Climate Change Policy in a Globalizing World

By Yda Schreuder

Zed Books Ltd

Copyright © 2009 Yda Schreuder
All rights reserved.
ISBN: 978-1-84813-427-0


Climate-change policy in a globalizing world

The Corporate Greenhouse explores the most pressing issue confronting the world community in our time. As the scientific basis of climate change appears to be no longer in doubt, discussions about climate-change policy and the Kyoto Protocol have re-emerged in public debate. The Intergovernmental Panel on Climate Change Fourth Assessment Report, issued in February 2007, states that 'most of the observed increase in globally averaged temperatures since the mid-20th century is very likely due to the observed increase in anthropogenic greenhouse gas concentrations'. Based on current model simulations, projections are that continued greenhouse-gas emissions at or above current rates would cause substantial warming of the atmosphere and induce many changes in the global climate system during the twenty-first century that would very likely be larger than those observed during the twentieth century. There is much evidence in the report to support the thesis not only that climate change will occur if no action is taken but also that it really is human activity that is inducing the change. The Report embodies substantial new research and addresses gaps that existed in our knowledge hitherto. Also, it has practically eliminated earlier uncertainty. With this assessment and with the realization that so far under the Kyoto Protocol, greenhouse-gas emissions worldwide have increased rather than diminished, the effectiveness of the Protocol and the commitment on the part of the industrialized countries to combat human-induced climate change are called into question.

Measures against global warming had been dominating the international arena of climate-change negotiations under the auspices of the UNFCCC since the Earth Summit in Rio de Janeiro in 1992, and nation-states had agreed to confront dangerous anthropogenic interference with the earth's climate system and to achieve stabilization of GHG concentrations in the atmosphere low enough so that climate change could be prevented. The actions were aimed primarily at industrialized countries with the intention of stabilizing their emissions of greenhouse gases at 1990 levels by the year 2000 and below 1990 levels in years following. Participating parties agreed that they would recognize 'common but differentiated responsibilities', with greater responsibility for reducing GHG emissions in the near term assumed by developed industrialized countries, which were listed and identified in Annex I of the UNFCCC (hereafter referred to as Annex I countries).

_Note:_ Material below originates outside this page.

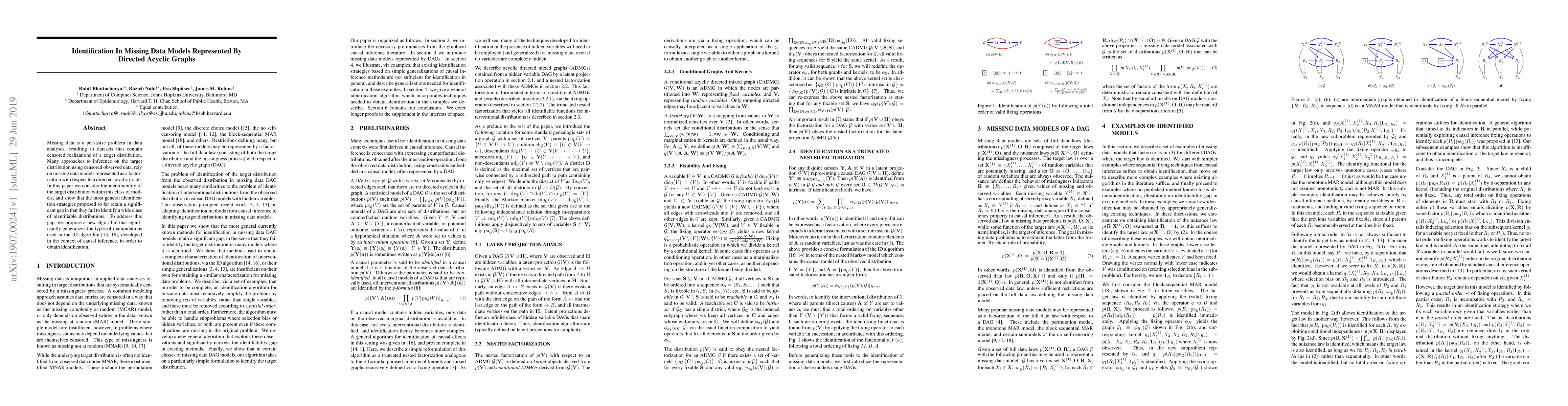 Missing data is a pervasive problem in data analyses, resulting in datasets that contain censored realizations of a target distribution. Many approaches to inference on the target distribution using censored observed data, rely on missing data models represented as a factorization with respect to a directed acyclic graph. In this paper we consider the identifiability of the target distribution within this class of models, and show that the most general identification strategies proposed so far retain a significant gap in that they fail to identify a wide class of identifiable distributions. To address this gap, we propose a new algorithm that significantly generalizes the types of manipulations used in the ID algorithm, developed in the context of causal inference, in order to obtain identification.

Since 1992 – when the UNFCCC was first introduced – a significant number of international climate-change meetings have been held through the annual Conferences of the Parties (COPs), resulting in the adoption of the Kyoto Protocol in 1997. The Protocol committed Annex I countries to binding GHG emissions reductions of 5.2 per cent relative to 1990 emissions by the period 2008–12. Technically, they are listed as Annex B in the Kyoto Protocol, but since they roughly coincide with the Annex I group under the UNFCCC, we will refer to both as Annex I. Each country had its emissions-reduction target; ranging from an 8 per cent reduction to a 10 per cent increase. (GHG emissions reductions are measured in tonnes (metric tons) and all the protocol documents refer to the European measure, not to the US 'short' ton. In the remainder of the text we will refer to the international (metric) tonne unless otherwise noted.) The United States, the world's largest producer of anthropogenic greenhouse-gas emissions, agreed to a 7 per cent reduction relative to 1990 levels. The European Union agreed to an 8 per cent reduction while countries in central and eastern Europe agreed to a 6–8 per cent reduction, and Russia and the Ukraine each agreed not to exceed 1990 levels of emissions. Developing countries, also known as non-Annex I countries, were not required to sign on to the Protocol to meet binding emissions-reduction targets.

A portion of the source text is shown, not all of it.